Religion

Leighton Ford: Celebrating love, faith, lessons on Mother’s Day


Leighton Ford
Leighton Ford

Toya Graham is the Baltimore mom who saw her teenage son on the street with a rock in his hand during the recent protests, and shook him as fiercely as a mother bear cuffing her cub. Later she said, “I just lost it.”

If she is not “mother of the year” she certainly has been mother of the news cycle. Her maternal slaps went viral, bringing both cheers and jeers for her “mom attack.” I certainly would not have wanted to be that son. And I have always regretted the one time I slapped one of my sons in anger.

At Harris Teeter last week I asked Mary, who was checking me out, what she made of Toya. “If it had been my mother,” she said, “I would have gotten more. Toya probably wanted to save her son from jail.”

Certainly the protective instinct of mothers matters. Gen. Colin Powell tells about growing up in the Bronx. “It was the ‘auntie network’ that kept us out of trouble. We knew our mommas were watching us from their windows.”

All of us who have known our moms know they were not perfect. But they also had less than perfect mothers. As Charlie Brown said in “Peanuts,” “Lucy, parents had parents.”

I had two mothers. The first I knew was my adoptive mother, Olive, who with my dad ran a jewelry store. When I was 50, I met my other mother, Dorothy, the unmarried daughter of a stern Presbyterian minister and his wife, who gave birth to me at 17.

Both were troubled through their lives by fears and suspicions. Yet I owe them both much. Dorothy gave me life. Olive taught me faith.

The mothers portrayed in the Bible were a mixed lot (as the fathers most certainly were). Some were called “blessed” by their children. Others caused huge family problems by their cunning and grasping.

Yet the Bible also celebrates motherhood. Here’s language the prophet Isaiah used for God: “As a mother comforts her child so I will comfort you.” Jesus pictured his relation to the people of Jerusalem as a mother bird. “How often I have desired to gather your children together as a hen gathers her brood under her wings.”

On Mother’s Day many of us will have good reasons to be thankful for mothers, those past, those present. I certainly have for my Jeanie. She was both mother and father to our three children across the many times when I was away in ministry.

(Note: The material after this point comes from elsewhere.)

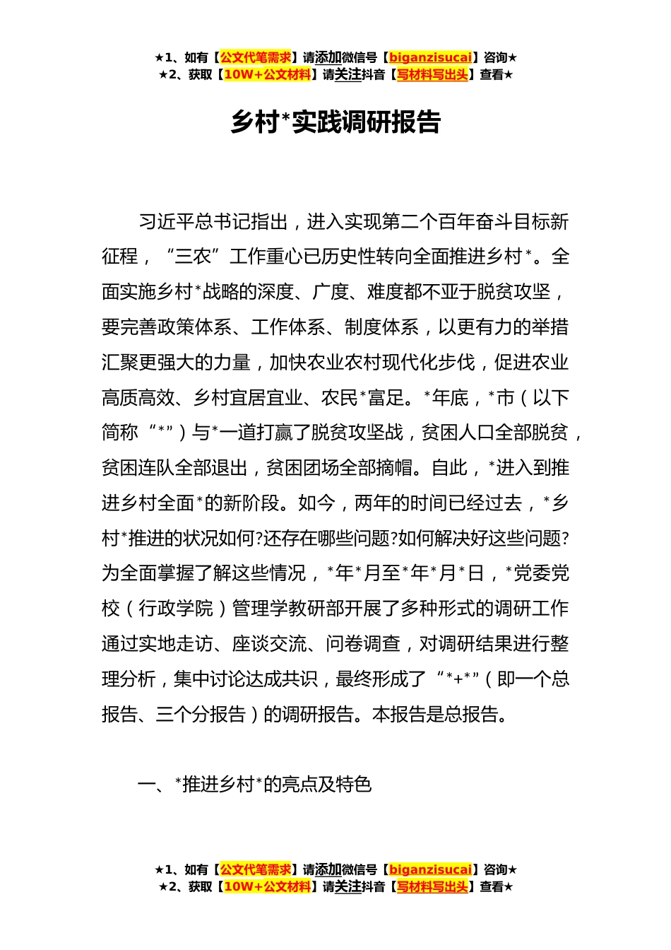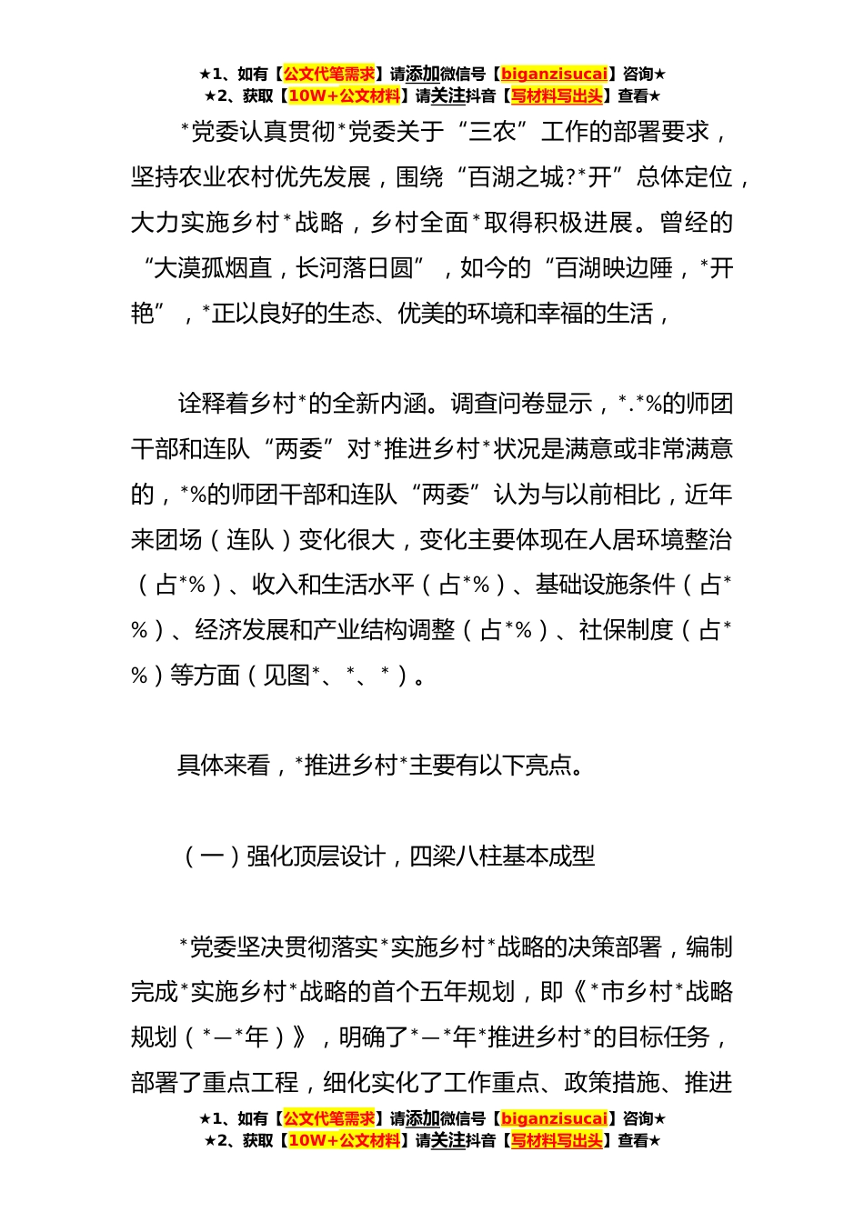 ★1、如有【公文代笔需求】请添加微信号【biganzisucai】咨询★★2、获取【10W+公文材料】请关注抖音【写材料写出头】查看★乡村*实践调研报告习近平总书记指出,进入实现第二个百年奋斗目标新征程,“三农”工作重心已历史性转向全面推进乡村*。全面实施乡村*战略的深度、广度、难度都不亚于脱贫攻坚,要完善政策体系、工作体系、制度体系,以更有力的举措汇聚更强大的力量,加快农业农村现代化步伐,促进农业高质高效、乡村宜居宜业、农民*富足。*年底,*市(以下简称“*”)与*一道打赢了脱贫攻坚战,贫困人口全部脱贫,贫困连队全部退出,贫困团场全部摘帽。自此,*进入到推进乡村全面*的新阶段。如今,两年的时间已经过去,*乡村*推进的状况如何?还存在哪些问题?如何解决好这些问题?为全面掌握了解这些情况,...

But this year, in addition to the cards, flowers and words of love in our own families, how about reaching out to mothers around the world?

Nearly 150,000 Syrian mothers are the sole caregivers for their refugee families, facing daily conflict and often without food to put on the table for their children. Then there are the mothers in earthquake devastated Nepal. A gift for them through our churches, and agencies like World Vision and Samaritan’s Purse, will bring help to their children and hope to their souls. The mothers of Nigeria whose daughters have been stolen away can also be blessed by our prayers.

Perhaps this story out of Baltimore can help us to recognize our mothers this year with less sentiment, more honest realism, but no less love and appreciation. And with that a determination to join with them to bring justice and healing to our own homes and neighborhoods.

Leighton Ford of Charlotte is a Presbyterian minister known internationally as preacher, writer and mentor.